Activity ▸ Pictures are to be left out; every line from the one with "西班牙本次世界杯名单原先左后" through the end of the data must be transcribed exactly.

[Raw data — start]

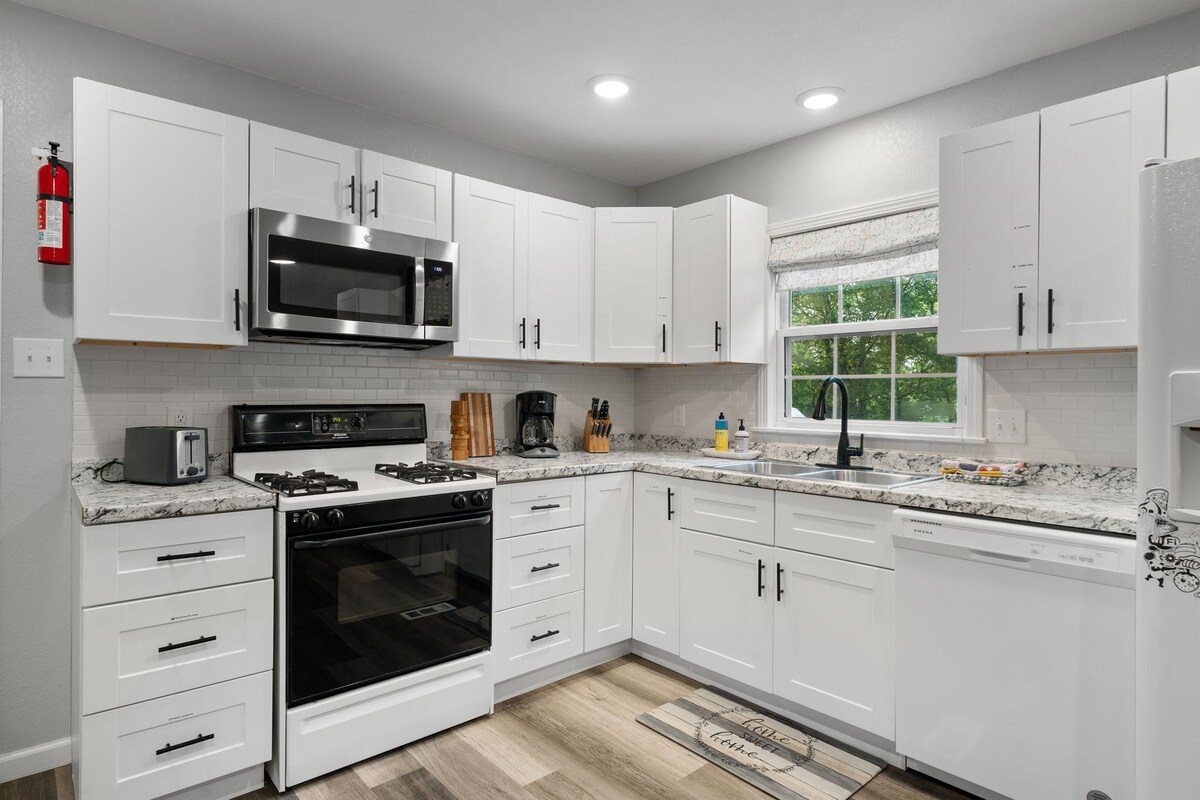 You will LOVE this charming 50's cottage remodeled for your up-to-date comfort. Includes custom shower with rainfall showerhead, new appliances, new front loading washer and dryer, luxury towels and bedding, and more! Located in a quiet, walkable neighborhood on the edge of the Downtown district. Walk to over 10 restaurants, shopping and all downtown attractions! This will be your new "go to" place when visiting the Fort Smith area or just passing through. Convenient parking in front and rear!
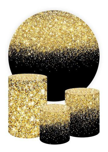 Black/Gold Glitter Themed Round Backdrop and Cylinders Kit
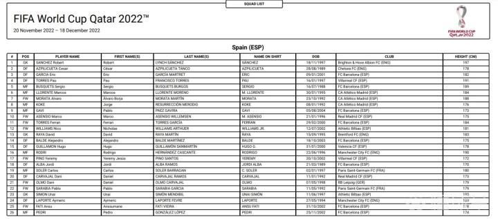 西班牙本次世界杯名单原先左后卫为阿尔巴和加亚,在加亚因伤退出国家队后,西班牙队官方宣布,巴尔德递补入选参赛。FIFA官网同样更新西班牙队名单,加亚退出,巴尔德在列。
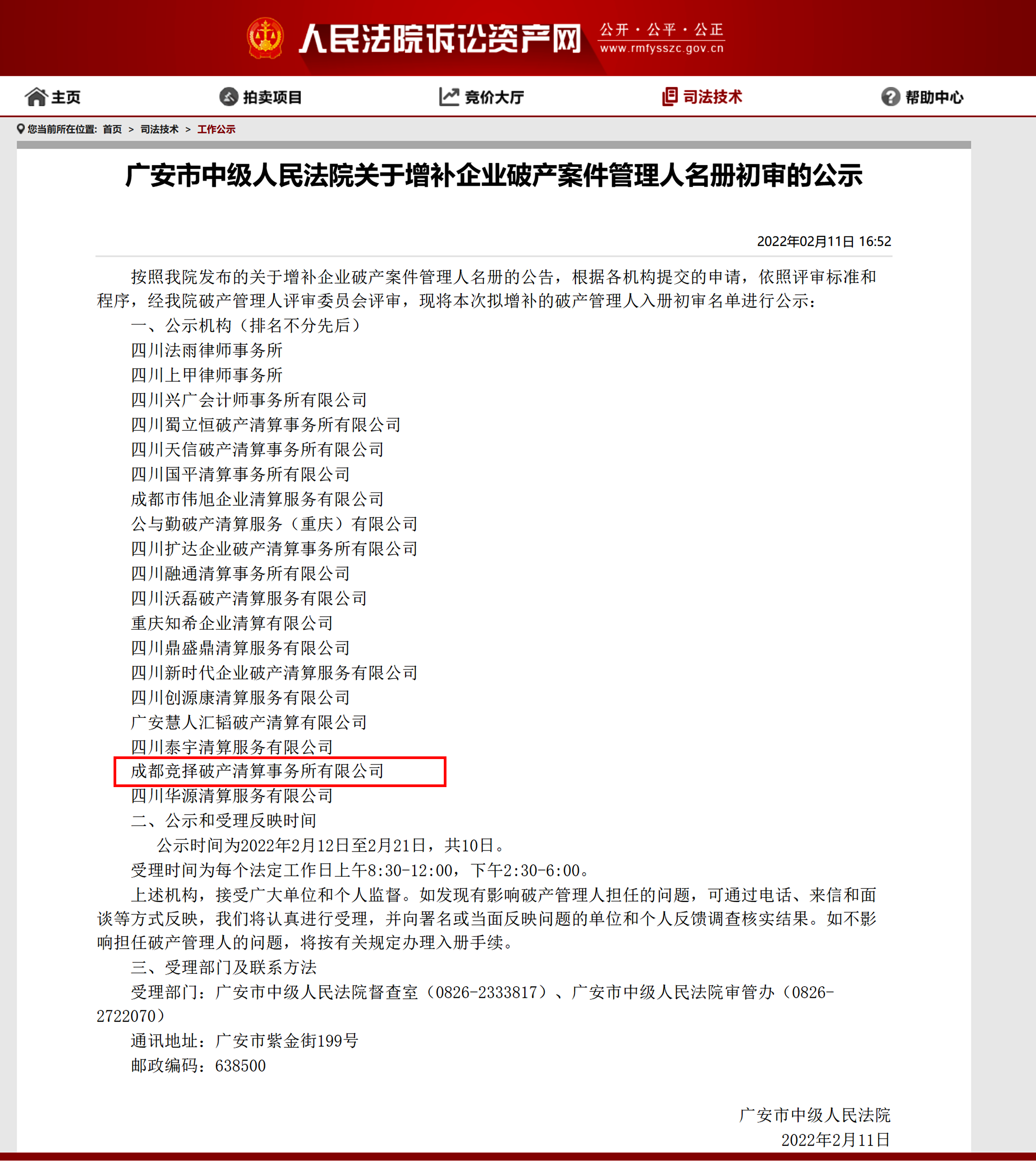 【管理人入册】本所候选广安市中级人民法院破产管理人机构名册

[Raw data — finish]

Written reply ▸
 西班牙本次世界杯名单原先左后卫为阿尔巴和加亚,在加亚因伤退出国家队后,西班牙队官方宣布,巴尔德递补入选参赛。FIFA官网同样更新西班牙队名单,加亚退出,巴尔德在列。
 【管理人入册】本所候选广安市中级人民法院破产管理人机构名册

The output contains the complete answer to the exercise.